● Supplied records:
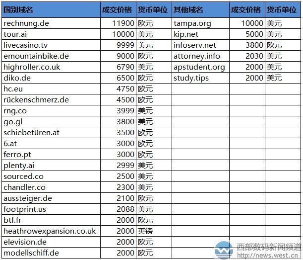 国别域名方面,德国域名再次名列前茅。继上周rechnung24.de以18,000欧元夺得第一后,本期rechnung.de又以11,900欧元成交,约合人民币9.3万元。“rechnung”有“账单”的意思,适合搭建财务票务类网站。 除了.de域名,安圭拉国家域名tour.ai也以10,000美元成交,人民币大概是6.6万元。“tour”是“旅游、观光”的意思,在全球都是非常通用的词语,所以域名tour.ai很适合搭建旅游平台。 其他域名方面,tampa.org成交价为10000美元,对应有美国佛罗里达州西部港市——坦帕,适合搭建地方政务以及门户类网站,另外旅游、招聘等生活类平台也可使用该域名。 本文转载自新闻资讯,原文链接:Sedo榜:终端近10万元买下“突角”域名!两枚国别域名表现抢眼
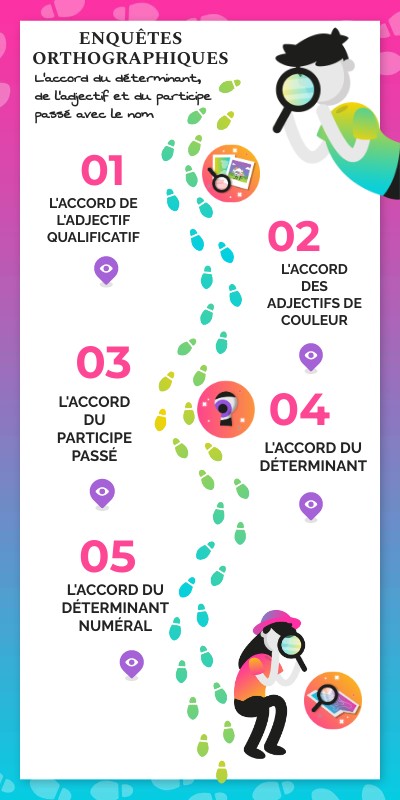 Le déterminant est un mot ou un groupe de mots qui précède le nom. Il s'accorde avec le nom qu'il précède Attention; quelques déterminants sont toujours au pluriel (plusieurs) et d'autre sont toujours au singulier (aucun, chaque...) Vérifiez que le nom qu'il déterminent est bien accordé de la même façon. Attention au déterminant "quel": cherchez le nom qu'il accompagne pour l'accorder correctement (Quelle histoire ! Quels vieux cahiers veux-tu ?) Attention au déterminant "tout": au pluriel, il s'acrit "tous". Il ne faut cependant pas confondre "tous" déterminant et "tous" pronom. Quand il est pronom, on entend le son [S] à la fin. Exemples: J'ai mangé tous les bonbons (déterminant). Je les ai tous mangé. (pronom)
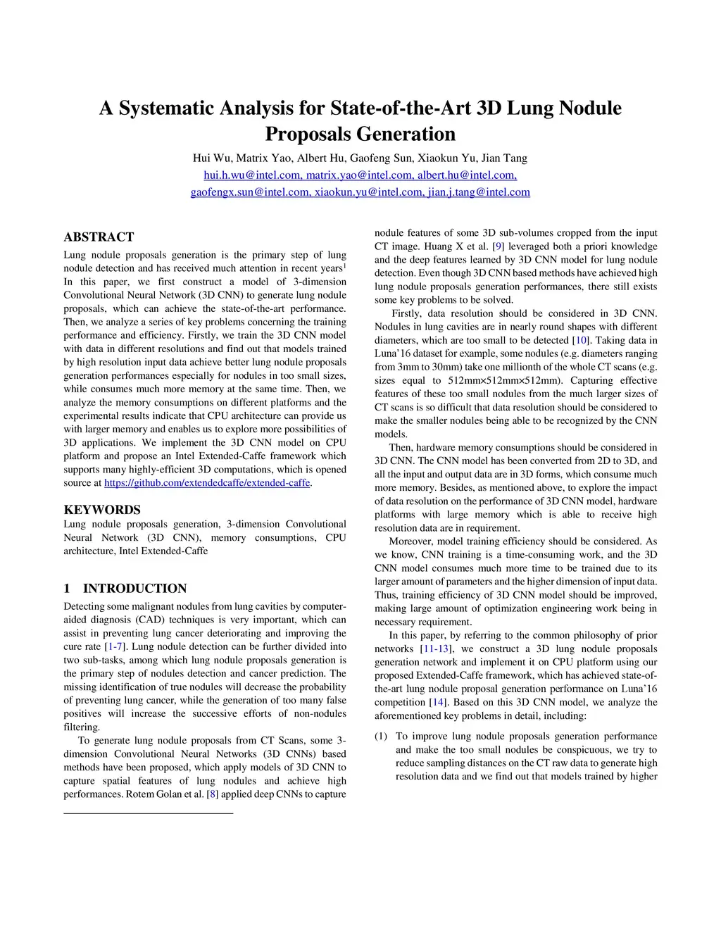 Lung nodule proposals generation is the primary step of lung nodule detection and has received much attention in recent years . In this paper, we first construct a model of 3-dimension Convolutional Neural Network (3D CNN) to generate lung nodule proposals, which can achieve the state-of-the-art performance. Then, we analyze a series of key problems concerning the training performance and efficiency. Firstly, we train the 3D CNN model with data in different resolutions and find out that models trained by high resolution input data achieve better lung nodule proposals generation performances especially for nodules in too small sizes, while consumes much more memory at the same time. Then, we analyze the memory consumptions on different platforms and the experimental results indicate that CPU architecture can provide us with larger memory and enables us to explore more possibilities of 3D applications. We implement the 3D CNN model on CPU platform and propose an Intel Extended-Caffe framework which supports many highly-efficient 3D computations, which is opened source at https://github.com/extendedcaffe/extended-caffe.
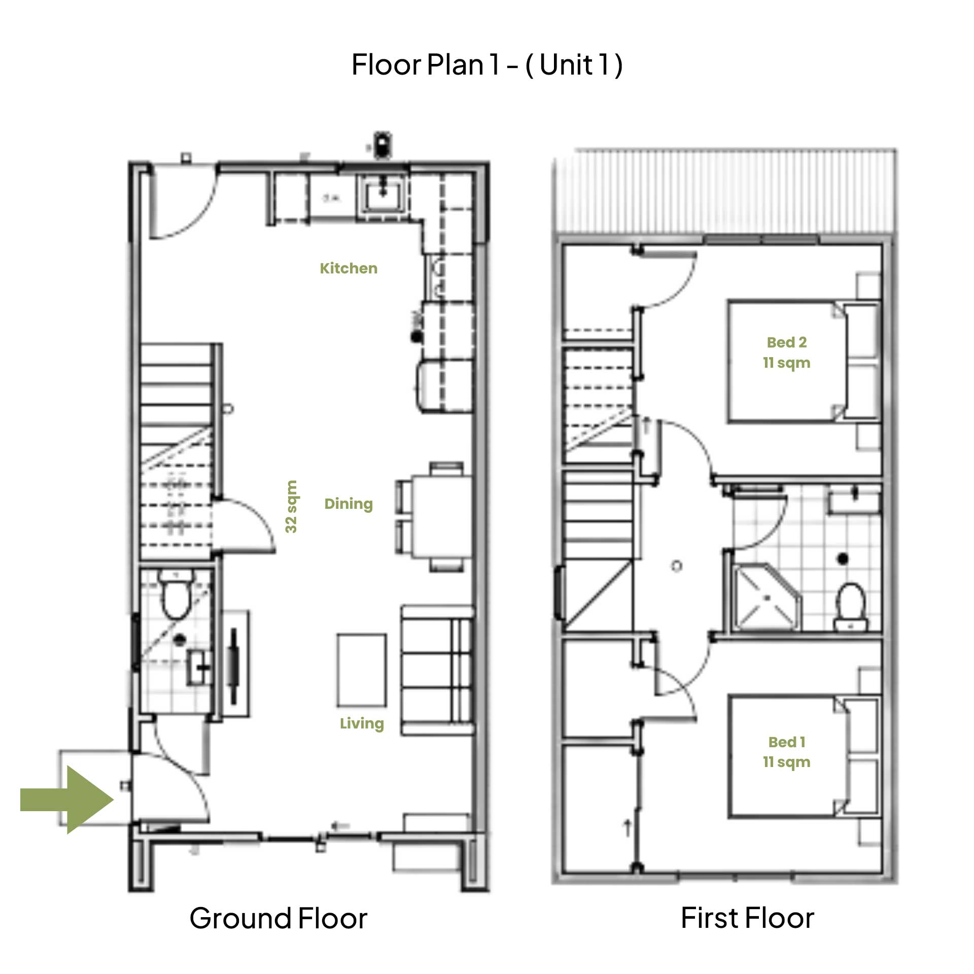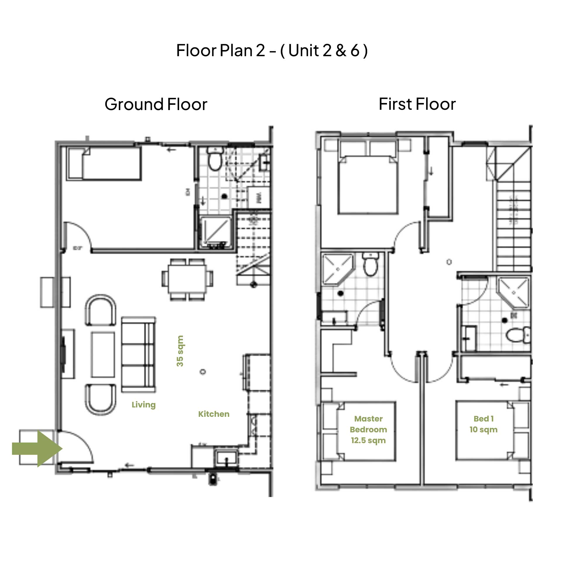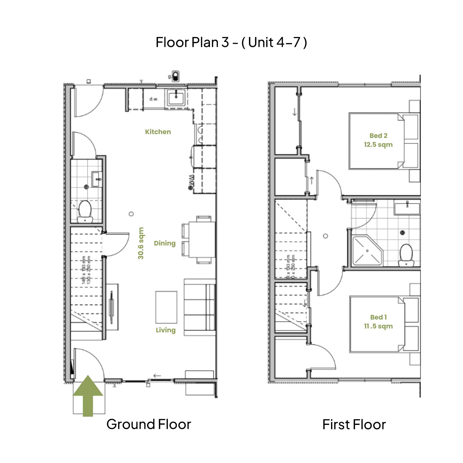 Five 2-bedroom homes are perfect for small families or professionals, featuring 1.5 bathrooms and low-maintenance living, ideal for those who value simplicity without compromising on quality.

==

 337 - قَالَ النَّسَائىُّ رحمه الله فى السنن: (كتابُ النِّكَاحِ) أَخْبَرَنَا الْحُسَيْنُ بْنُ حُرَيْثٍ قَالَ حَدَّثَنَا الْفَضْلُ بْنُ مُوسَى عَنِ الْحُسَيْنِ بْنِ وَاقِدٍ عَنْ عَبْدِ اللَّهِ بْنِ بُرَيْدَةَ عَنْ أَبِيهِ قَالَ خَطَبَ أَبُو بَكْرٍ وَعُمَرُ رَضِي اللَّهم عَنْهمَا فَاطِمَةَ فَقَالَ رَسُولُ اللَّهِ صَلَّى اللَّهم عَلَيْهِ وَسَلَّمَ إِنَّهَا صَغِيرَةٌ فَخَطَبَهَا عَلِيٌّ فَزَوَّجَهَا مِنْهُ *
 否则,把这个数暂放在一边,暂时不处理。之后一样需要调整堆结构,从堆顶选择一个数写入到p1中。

● Exercise:
Above are the records; from them, give again exactly the lines from the one containing "337 - قَالَ" to the one containing "否则,把这个数暂放在一边,暂", both lines included, and nothing more.

● Exercise output:
 337 - قَالَ النَّسَائىُّ رحمه الله فى السنن: (كتابُ النِّكَاحِ) أَخْبَرَنَا الْحُسَيْنُ بْنُ حُرَيْثٍ قَالَ حَدَّثَنَا الْفَضْلُ بْنُ مُوسَى عَنِ الْحُسَيْنِ بْنِ وَاقِدٍ عَنْ عَبْدِ اللَّهِ بْنِ بُرَيْدَةَ عَنْ أَبِيهِ قَالَ خَطَبَ أَبُو بَكْرٍ وَعُمَرُ رَضِي اللَّهم عَنْهمَا فَاطِمَةَ فَقَالَ رَسُولُ اللَّهِ صَلَّى اللَّهم عَلَيْهِ وَسَلَّمَ إِنَّهَا صَغِيرَةٌ فَخَطَبَهَا عَلِيٌّ فَزَوَّجَهَا مِنْهُ *
 否则,把这个数暂放在一边,暂时不处理。之后一样需要调整堆结构,从堆顶选择一个数写入到p1中。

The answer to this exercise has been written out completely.